Directions for this task: What is needed is an exact copy of the records below, with the pictures left out.

+++

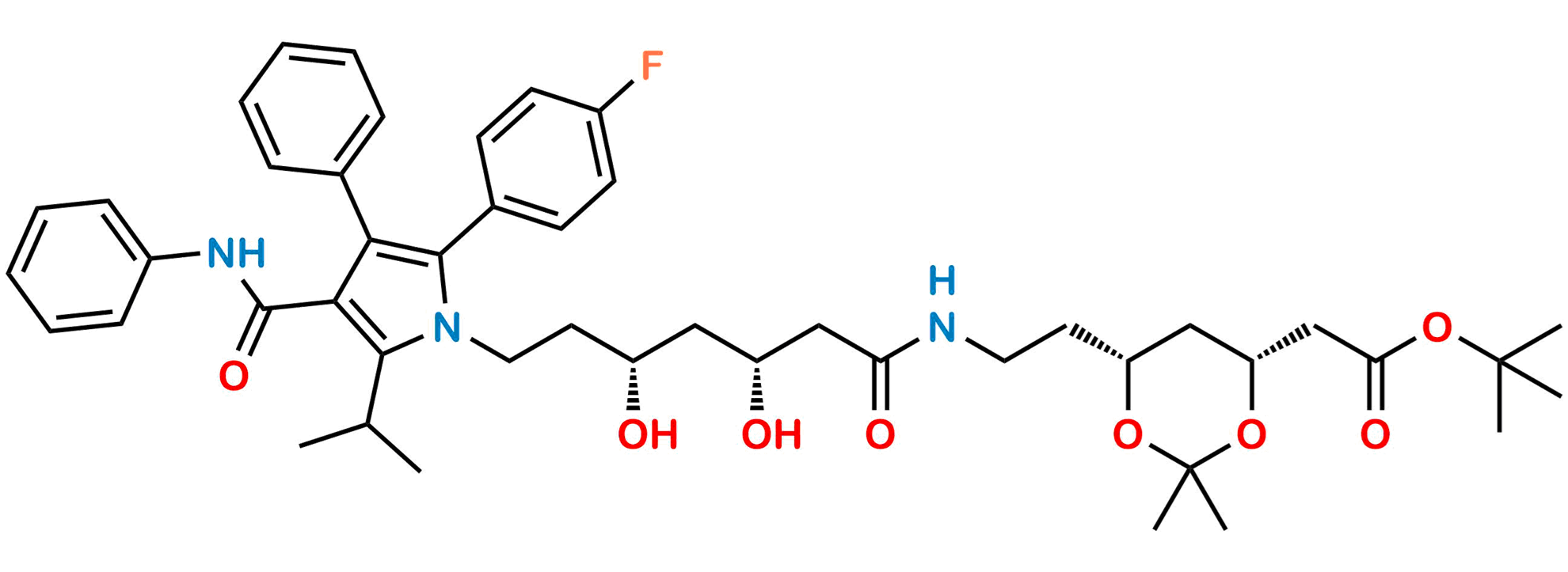 Chemical Name: 1,1-Dimethylethyl (4R,6R)-6-[2-[[(3R,5R)-7-[2-(4-fluorophenyl)-5-(1-methylethyl)-3-phenyl-4-[(phenylamino)carbonyl]-1H-pyrrol-1-yl]-3,5-dihydroxy-1-oxoheptyl]amino]ethyl]-2,2-dimethyl-1,3-dioxane-4-acetate
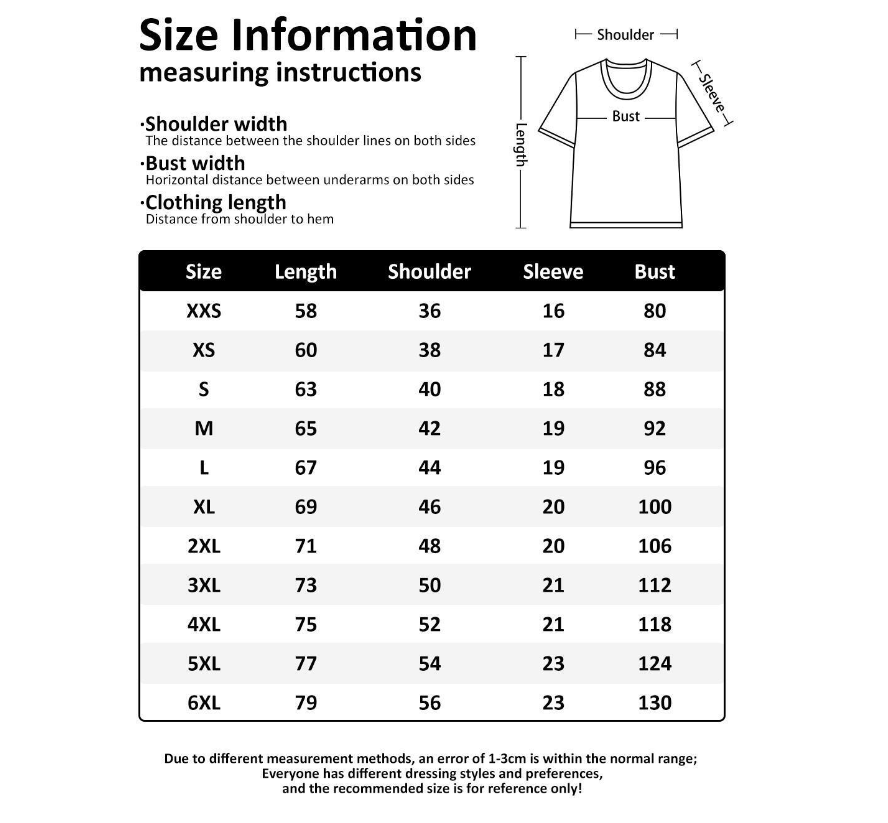 • Available sizes: S, M, L, XL, 2XL, 3XL, 4XL, 5XL, 6XL
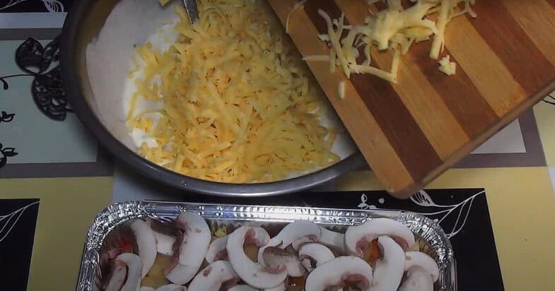 В окремій мисці змішую сметану, яйця, сіль, перець та тертий на терці твердий сир.
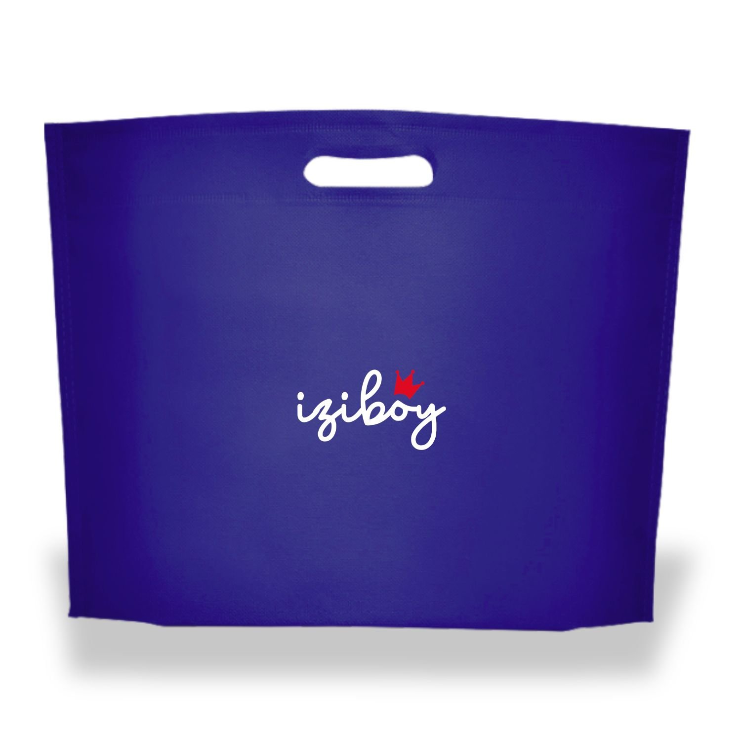 Le sac cadeau iziboy bleu marine ou bleu électrique sublime vos achats. Il affiche la signature blanche avec la couronne rouge. Conçu en 100 % polypropylène non tissé (80 g/m²), il reste léger, robuste et prêt à offrir. Non lavable.
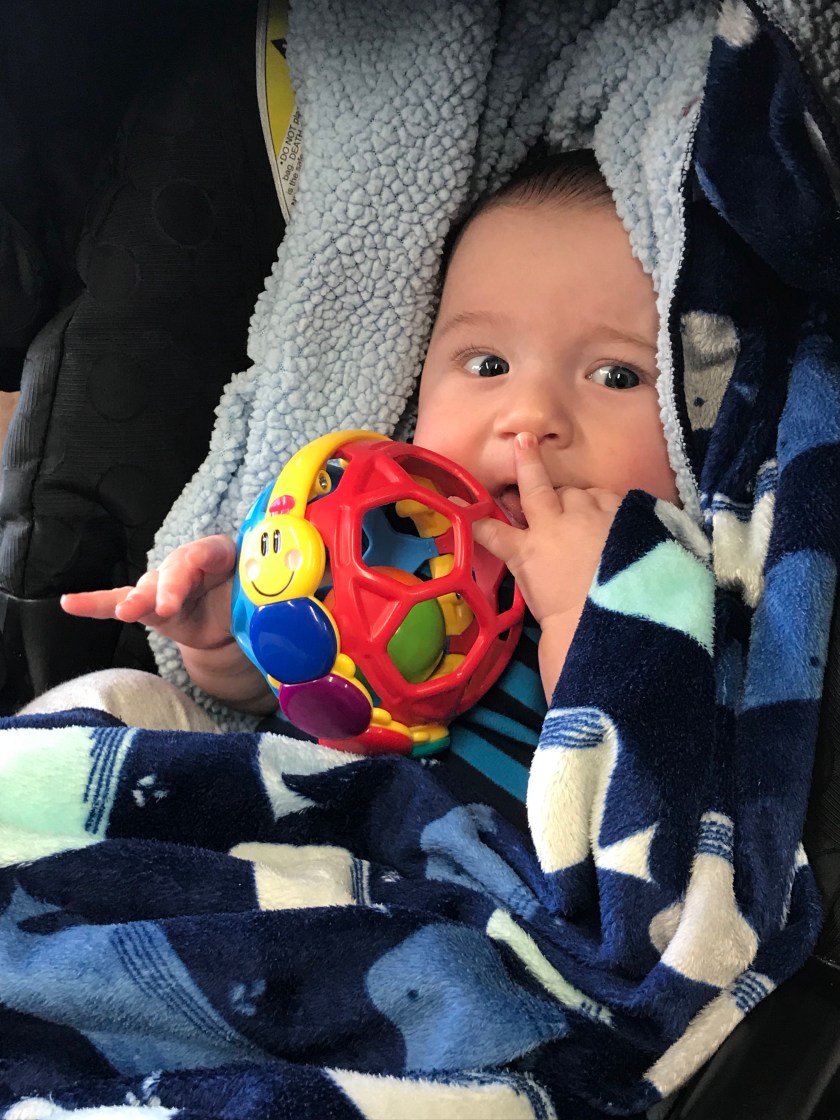Midway through my pregnancy, Aunt Carol and I had discussed what kinds of toys babies liked. She told me that Baby Einstein ones were always amazing. The Baby Einstein Caterpillar Bendy Ball is a simple toy that always seems to be close to William whenever he is awake.
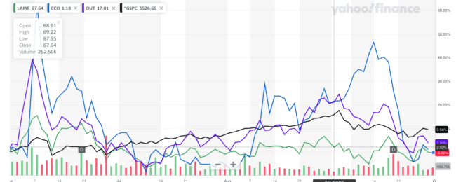 A year to date analysis shows that out of home stocks have recovered 35-75% of their covid losses but are trailing the Standard and Poors Index. The S&P 500 index is up 4% year to date. Lamar has recovered the most and the fastest from covid. It’s stock is still off 25% year to date. OUTFRONT is down 44% year to date. Clear Channel Outdoor is down 65% year to date.

+++

Output for this task:
 Chemical Name: 1,1-Dimethylethyl (4R,6R)-6-[2-[[(3R,5R)-7-[2-(4-fluorophenyl)-5-(1-methylethyl)-3-phenyl-4-[(phenylamino)carbonyl]-1H-pyrrol-1-yl]-3,5-dihydroxy-1-oxoheptyl]amino]ethyl]-2,2-dimethyl-1,3-dioxane-4-acetate
 • Available sizes: S, M, L, XL, 2XL, 3XL, 4XL, 5XL, 6XL
 В окремій мисці змішую сметану, яйця, сіль, перець та тертий на терці твердий сир.
 Le sac cadeau iziboy bleu marine ou bleu électrique sublime vos achats. Il affiche la signature blanche avec la couronne rouge. Conçu en 100 % polypropylène non tissé (80 g/m²), il reste léger, robuste et prêt à offrir. Non lavable.
Midway through my pregnancy, Aunt Carol and I had discussed what kinds of toys babies liked. She told me that Baby Einstein ones were always amazing. The Baby Einstein Caterpillar Bendy Ball is a simple toy that always seems to be close to William whenever he is awake.
 A year to date analysis shows that out of home stocks have recovered 35-75% of their covid losses but are trailing the Standard and Poors Index. The S&P 500 index is up 4% year to date. Lamar has recovered the most and the fastest from covid. It’s stock is still off 25% year to date. OUTFRONT is down 44% year to date. Clear Channel Outdoor is down 65% year to date.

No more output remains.